## Tuesday, December 29, 2015

### Show the Data: Distributions

Last spring, we looked at a couple of ways to show the data: Cluster diagrams and bump(s) charts. The idea here is that when we summarize data and represent it in bar or line charts, we miss nuance. Instead, when possible, we should look for ways to show all of the data.

I had this in mind when I recently tried to tell a story about student performance in my school district. The district does a pretty good job with about 80% of its students, and because that's far better than the state average, no one asks the hard questions about the remaining 20%. Shouldn't they learn to read and graduate from high school, too? I certainly think so...but I often run into roadblocks when I try and raise this conversation. Maybe I need a different visual to use as persuasion.

I remembered some information for another post about recent research in using distributions to replace bar charts and thought I might give it a try.

Here is Exhibit One:

This is typically what we provide to schools (and the public) regarding student performance. This chart represents one grade level at one of our elementary schools. Levels 1 and 2 (L1, L2) represent the percent of students who did not meet the standards ("pass"), while Levels 3 and 4 show the percent of stuents who met (L3) or exceeded (L4) the standards for English Language Arts. Generally speaking, this doesn't look so bad. Lots of kiddos did well enough, and L1 is the smallest category. Yea, Team!

But who are these kids in each category? Do we have the same distribution in performance if we look at student demographics? Let's find out.

Here is Exhibit Two:

A little orientation to this beast. We still have levels of performance (1, 2, 3, 4) on the x-axis, but the y-axis shows the actual scale scores. In other words, for this grade level and subject, Level One is actually made up of scores in the range of 2114 - 2366, Level Two ranges between 2367 and 2431, Level Three is represented by 2431 - 2489, and Level Four includes performance between 2490 and 2623 (source). Every child's score (n = 69) is represented by a circle on the chart.

It might be interesting in itself to just look at the distributions. But I've added some information based on student ethnicity. The grey circles that you see represent students who are white (n = 54). The pink circles represent students of color (n = 15). Overall, only one-third of scores from students of color are in Levels 3 or 4, while about two-thirds of the white student performance are in those levels. And, one-third of all students of color are in the lowest category (Level One).

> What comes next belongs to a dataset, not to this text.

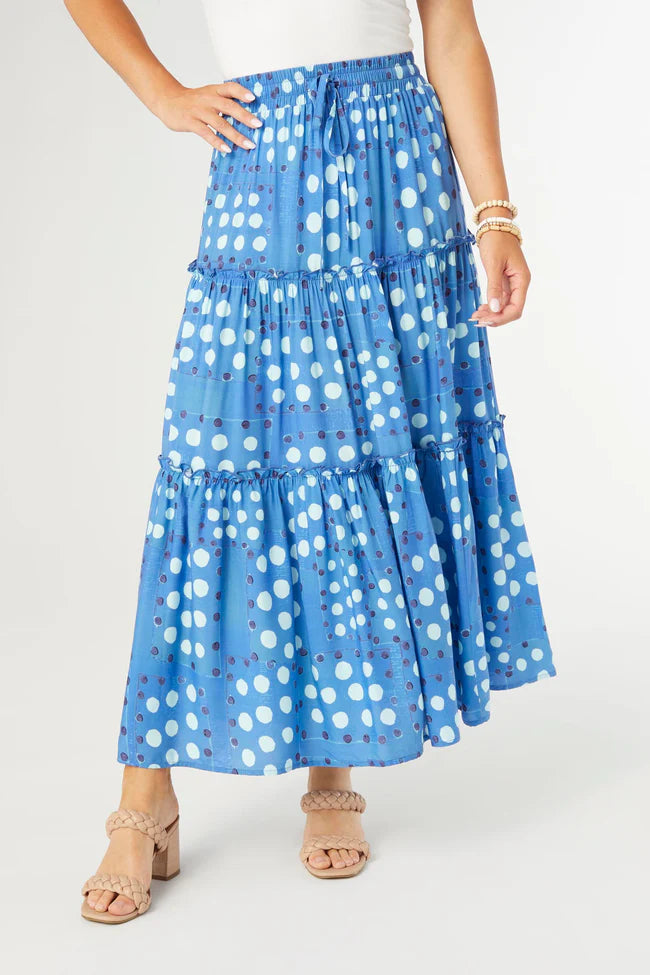 Elevate your summer style with our Verbena Dot Print Tiered Skirt! The lightweight fabric and flowy tiers make it perfect for hot days. Pair it with a cute top and sandals for a chic look that's as comfortable as it is stylish.
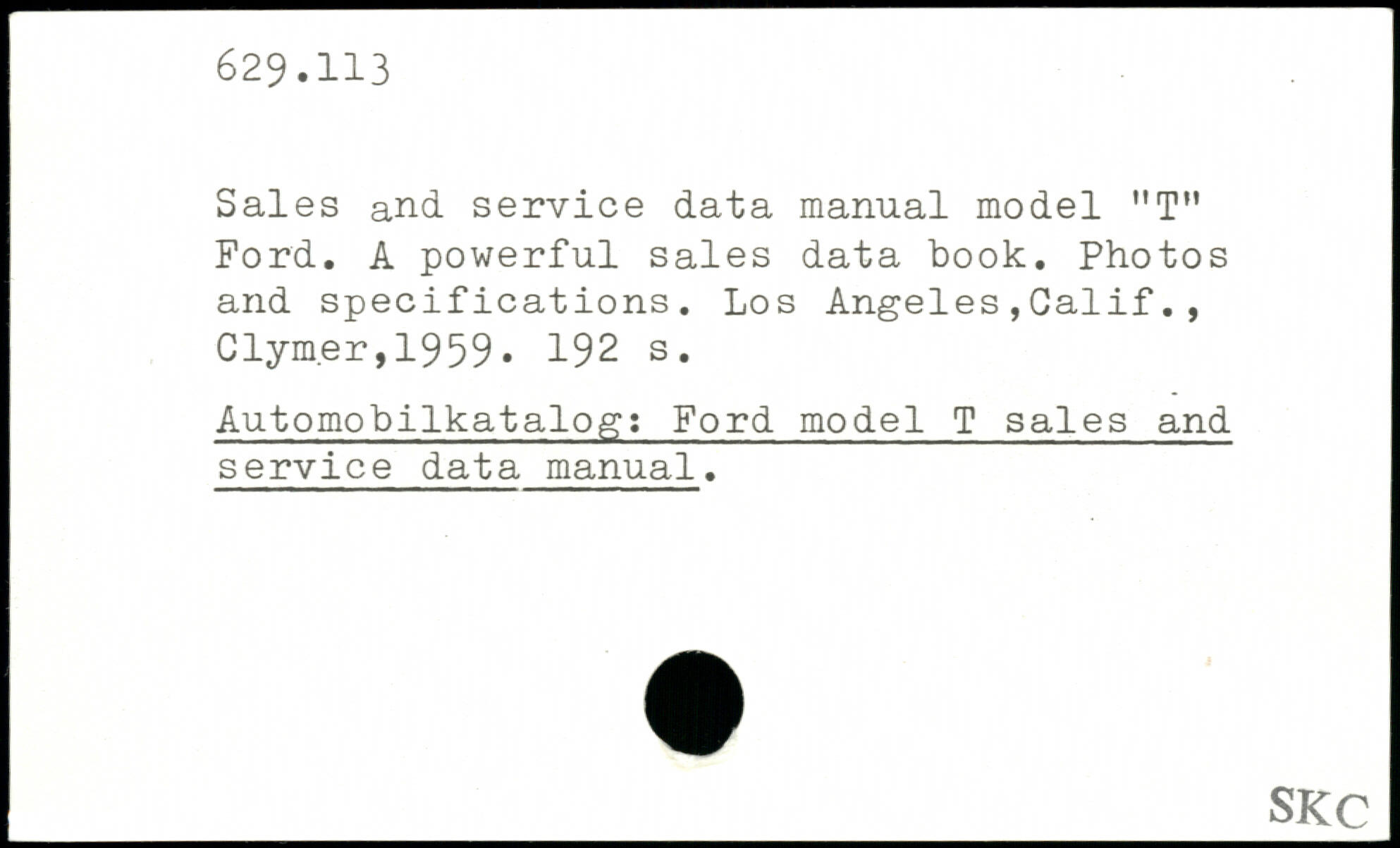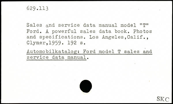 Sales and service data manual model "T" Ford. A powerful sales data book. Photos and specifications. Los Angeles,Calif., Clym.er ,1959.

If you're wondering about why I am not representing different groups (American Indian, Asian, Black, Hispanic, Pacific Islander, Two or More Races, White) with different colors...well, I can tell you that I wrestled with that decision quite a bit. Our district has very small numbers of students of different races. For example, for the school and grade represented above, there are no black students. There is one American Indian student shown on the chart (I can't tell you where, due to FERPA restrictions). This student as an individual is important and worthy of all of our best efforts. When represented by a score, conversations become problematic because there is no way to compare it with others in the same group.  Disaggregation of the data at the grade and school levels does not cause the sorts of inquiry that it should because "it's just one score." Trust me---I've heard that refrain quite a bit. But when I add the "just one score" with others in a building who represent non-white students, there's a bigger argument to be made. Your mileage may vary, based on the populations you are working with. All that being said, I am very open to feedback on this. What are some other options I should consider that will balance tiny n-size against the overall story to be told? Stacked bars, perhaps?

I realize that that two charts I've shown in the post represent different things. One is just the overall percentage by category...while the other is distribution by category. So, one isn't necessarily a replacement for the other. Even if I altered things a bit by showing numbers of students in the first one, it would result in the same chart. But I think there is some real power in looking at the second chart---even if it was not coded---and understanding that every child is there. It's not a blob of summary performance...and goes beyond a simple count of who is in each box.

So, here's looking at you, kid. (Especially if you aren't white.)

Bonus Round
The distribution of performance chart shown above was built in Excel (of course). It is a basic scatter plot chart, with specific scores selected and colored either grey or pink. If you visit the research site I mentioned earlier (Beyond Bar and Line Charts), they have some workbooks you can download and easily modify.